Сын серьезно смотрел на него.
— А мне ты желал бы этого?
— Нет…
— Так не желай тогда и им.
…Вспоминая теперь этот разговор, Алесь не мог не думать, что сделал правильно.
Все хорошо. Теперь надо ехать. И он легко занес ногу в стремя.
— По седлам, хлопцы!
Урга, слегка пугая, дал свечу. Потом опустился на передние ноги и затанцевал, косясь на коляску и девочек золотым глазом.
Двинулись.
Застоявшиеся кони пошли легким шагом. Всадники, окружив коляску, ехали молча — лишь бы быстрее с глаз взрослых. По обе стороны аллеи стояли туманно-голубые деревья. Они медленно отплывали назад.

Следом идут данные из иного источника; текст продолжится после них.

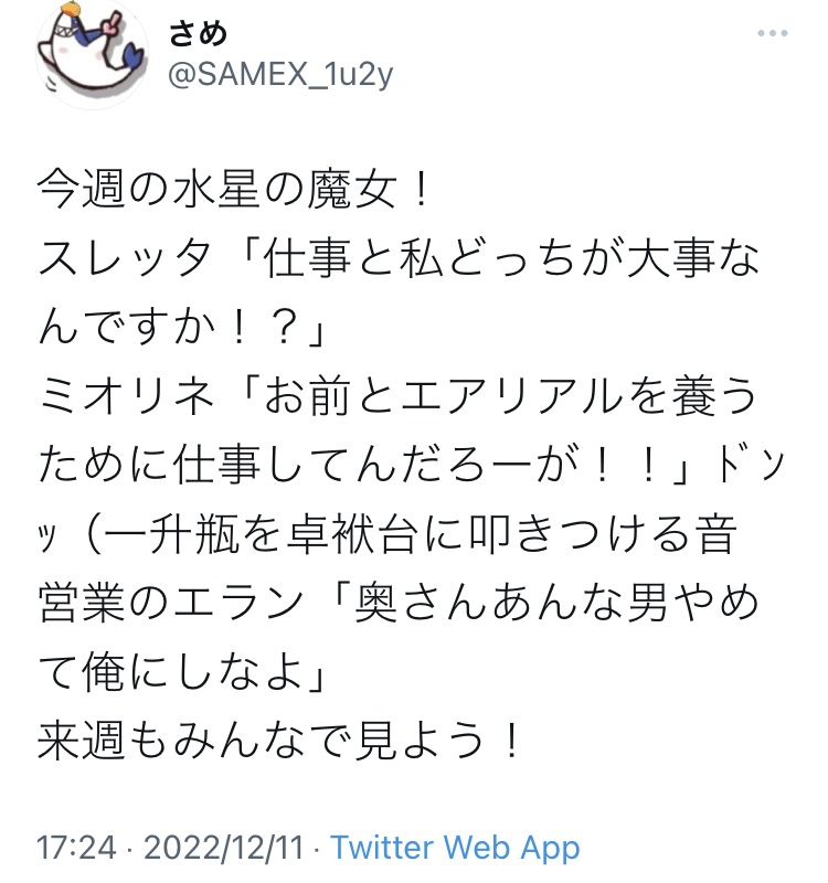 いやあ、これはダブスタくそ親父の娘ですわ。親父そっくりの悪いとこが出ましたねミオリネちゃん・・・
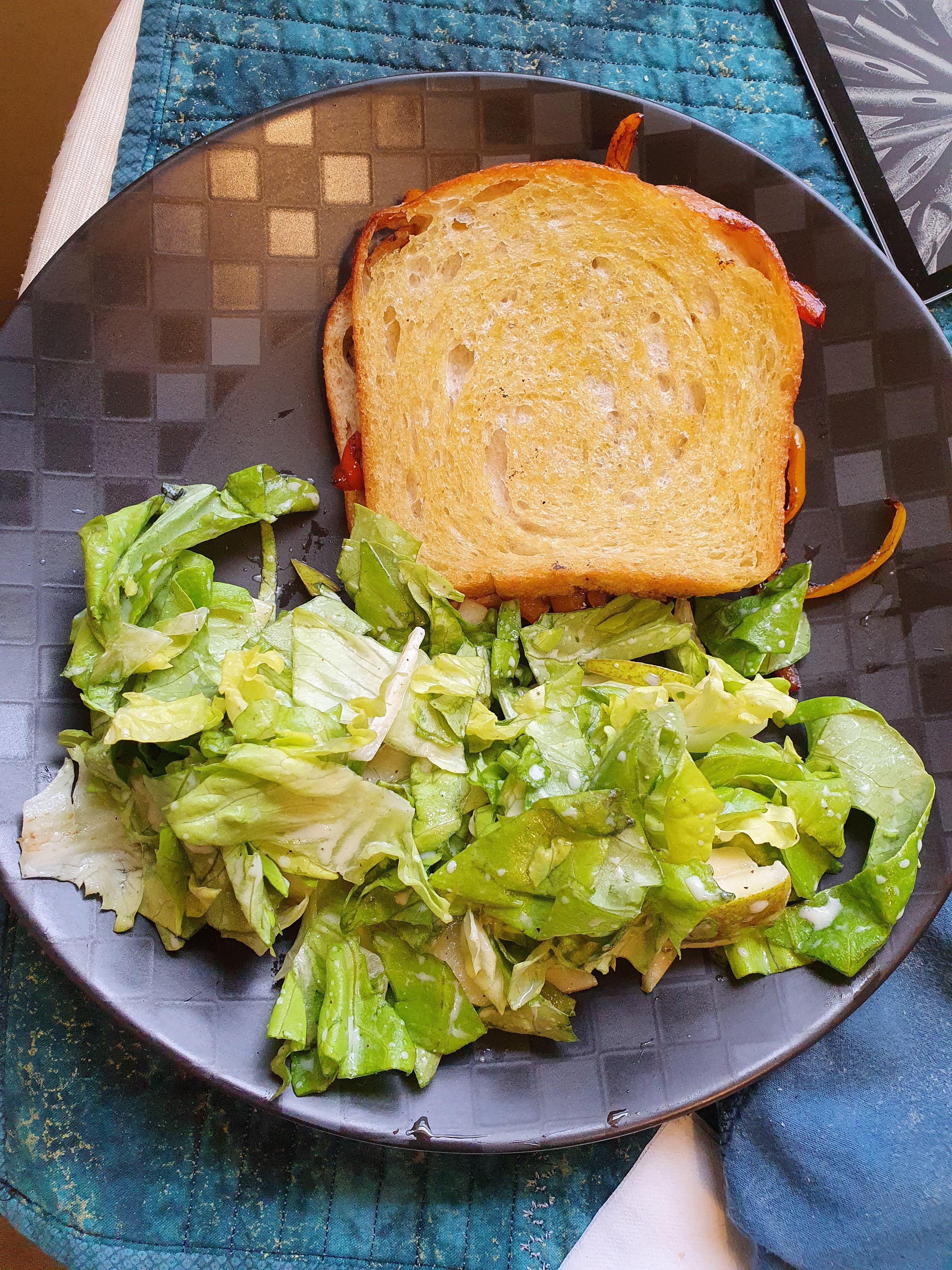 Grilled cheese sandwiches with a combination of fontina and gouda for the cheese, a fig spread, and sauteed sweet peppers in vinegar; as well as a butter lettuce salad with sliced pear. (I tend to find lettuce salads boring and this wasn’t especially memorable, but the sandwich… )

А Майке все это было ново. И то, что подростки эскортировали их, и то, что все молчаливо признавали вожаком этого немножко неуклюжего мальчика, который ехал впереди всех на арабе, и то, что рядом с ней сидела эта совсем не неприятная крестьянская девочка с диковатыми голубыми глазами.
— Он жил у вас, — шепнула она. — Какой он?
— Го-ожий, — сказала Янечка. — И сме-елый. Он от меня годовалого бычка оттащил. Я с того часу боюсь коров.
И Майка почему-то была благодарна ей за добрые слова.
— Алесь, — позвала она.
Алесь придержал Ургу, поехал рядом.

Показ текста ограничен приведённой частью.